Show HN: Beval – Simple evaluations for your AI product
beval.spaceI have been working on a web app called Beval - Simple evaluations for your AI product.
In my day to day as a Product Manager working in a team that ships AI products, I often found myself wanting to do 'quick and dirty' LLM-based evaluation on conversation transcripts and traces. I didn't need anything fancy, just 'did the agent answer the question', 'did the agent cover the 5 things it needed to' - that type of thing.
I found myself blocked by 'Gemini in Google Sheets', it was too slow and cumbersome, and it didn't handle eval changes well - particularly when trying to associate evals with ground truth.
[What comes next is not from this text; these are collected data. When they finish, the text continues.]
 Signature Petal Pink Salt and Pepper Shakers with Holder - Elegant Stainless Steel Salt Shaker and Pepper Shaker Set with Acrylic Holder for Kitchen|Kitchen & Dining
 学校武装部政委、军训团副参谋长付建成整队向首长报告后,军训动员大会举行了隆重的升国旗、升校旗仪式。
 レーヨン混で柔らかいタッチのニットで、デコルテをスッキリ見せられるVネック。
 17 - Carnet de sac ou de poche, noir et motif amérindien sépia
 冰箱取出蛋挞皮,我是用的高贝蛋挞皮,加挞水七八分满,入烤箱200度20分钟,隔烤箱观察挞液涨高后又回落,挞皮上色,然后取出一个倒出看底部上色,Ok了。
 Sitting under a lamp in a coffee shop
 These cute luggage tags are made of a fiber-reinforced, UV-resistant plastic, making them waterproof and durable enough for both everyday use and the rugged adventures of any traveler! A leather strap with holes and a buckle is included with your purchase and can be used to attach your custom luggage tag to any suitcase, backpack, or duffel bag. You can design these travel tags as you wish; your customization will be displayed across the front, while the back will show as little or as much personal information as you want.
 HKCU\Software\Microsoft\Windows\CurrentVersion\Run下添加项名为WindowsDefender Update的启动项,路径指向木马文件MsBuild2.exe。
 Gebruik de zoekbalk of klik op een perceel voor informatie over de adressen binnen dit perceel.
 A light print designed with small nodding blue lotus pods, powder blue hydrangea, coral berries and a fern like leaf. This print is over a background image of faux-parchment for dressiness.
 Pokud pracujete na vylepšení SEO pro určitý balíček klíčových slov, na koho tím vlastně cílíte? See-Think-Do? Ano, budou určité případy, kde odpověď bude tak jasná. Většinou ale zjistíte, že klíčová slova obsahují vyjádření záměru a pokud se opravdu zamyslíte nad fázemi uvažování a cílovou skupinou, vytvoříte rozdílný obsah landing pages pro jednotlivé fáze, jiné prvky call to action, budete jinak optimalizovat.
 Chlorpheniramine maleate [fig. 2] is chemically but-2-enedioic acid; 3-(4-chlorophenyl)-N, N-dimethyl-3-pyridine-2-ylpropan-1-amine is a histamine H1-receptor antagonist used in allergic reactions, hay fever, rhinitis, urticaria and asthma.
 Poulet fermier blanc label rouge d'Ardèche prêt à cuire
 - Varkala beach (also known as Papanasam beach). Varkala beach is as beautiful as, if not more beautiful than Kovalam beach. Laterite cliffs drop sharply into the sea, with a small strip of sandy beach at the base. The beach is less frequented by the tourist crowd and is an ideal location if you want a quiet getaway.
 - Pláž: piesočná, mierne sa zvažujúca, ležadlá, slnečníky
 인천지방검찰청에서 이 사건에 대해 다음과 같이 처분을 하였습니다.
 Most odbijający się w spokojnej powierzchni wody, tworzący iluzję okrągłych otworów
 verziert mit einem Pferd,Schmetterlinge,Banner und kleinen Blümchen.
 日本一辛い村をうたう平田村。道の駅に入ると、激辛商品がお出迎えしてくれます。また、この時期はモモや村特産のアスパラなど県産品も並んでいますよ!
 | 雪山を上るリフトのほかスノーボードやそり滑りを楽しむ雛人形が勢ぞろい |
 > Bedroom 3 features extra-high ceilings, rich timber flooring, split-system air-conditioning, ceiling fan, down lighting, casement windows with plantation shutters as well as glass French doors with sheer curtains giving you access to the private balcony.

And because I was exploring or working on new and experimental features, it wasn't helpful to try and set up something more robust with the team.
To fix the problem I eventually learned to call the OpenAI API in Python, but I really felt that I wanted a 'product' to help me and potentially help others who need answers fast - outside of building infrastructure and pipelines.
So over the last few weeks I built: https://beval.space
It has: - LLM-as-judge evals: boolean checks (yes/no), scores (1-5), categories, and freeform comments - Reusable eval definitions you can run across different datasets - Ground truth labelling so you can compare eval versions against human judgments - Per-trace reasoning so you can see why the judge scored something the way it did - An example dataset so you can try it without having your own traces ready
One of our early users described it as 'quick n dirty evals when you don't want to touch a shit load of infra.' I'm trying to figure out if that's a common need or just a niche thing.
Free during beta. Would love HN's take — what's missing, and would you actually use something like this? LLM as judge drifts in weird ways if you don't have ground truth to calibrate against. Good that you've got that built in. Would love to see eval stability tracking over time though, same prompt different day sometimes gives different scores.